Records provided
-- Opening Marker --
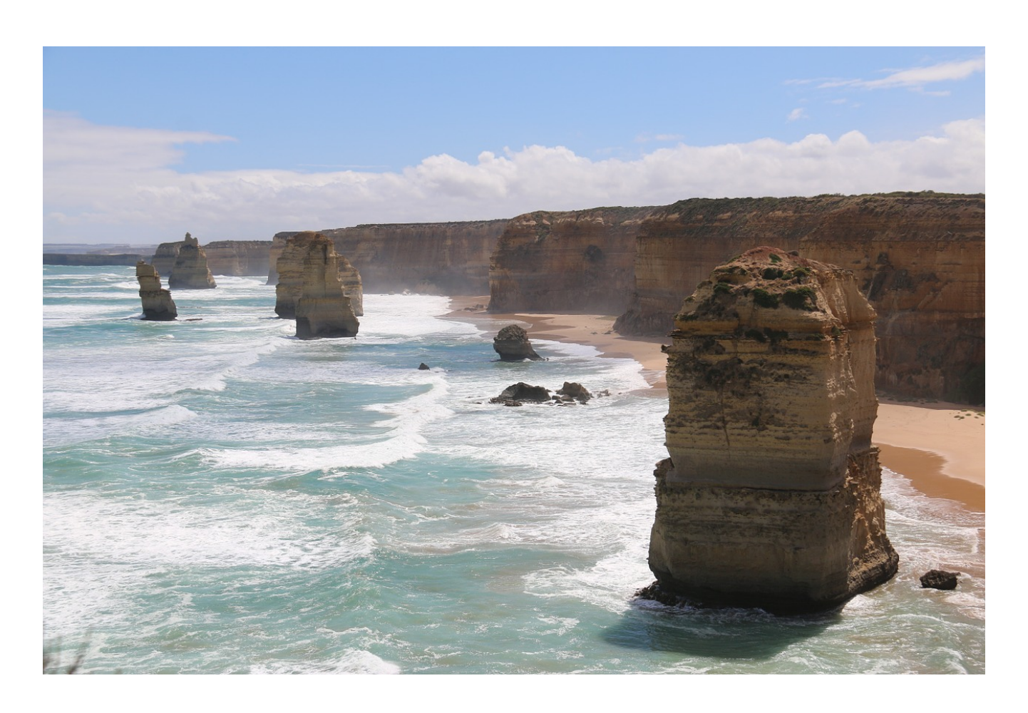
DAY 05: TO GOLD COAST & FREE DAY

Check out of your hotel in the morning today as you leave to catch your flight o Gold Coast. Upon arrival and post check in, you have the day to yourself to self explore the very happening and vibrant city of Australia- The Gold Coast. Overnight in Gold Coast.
-- Closing Marker --
-- Opening Marker --
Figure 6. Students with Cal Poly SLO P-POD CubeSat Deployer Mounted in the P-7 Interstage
-- Closing Marker --
Problem details
Everything from the line with "DAY 05: TO GOLD COAST & FREE DAY" through the line with "Check out of" should be written out exactly as it appears above, end lines included, and nothing outside that range.

Task response
DAY 05: TO GOLD COAST & FREE DAY

Check out of your hotel in the morning today as you leave to catch your flight o Gold Coast. Upon arrival and post check in, you have the day to yourself to self explore the very happening and vibrant city of Australia- The Gold Coast. Overnight in Gold Coast.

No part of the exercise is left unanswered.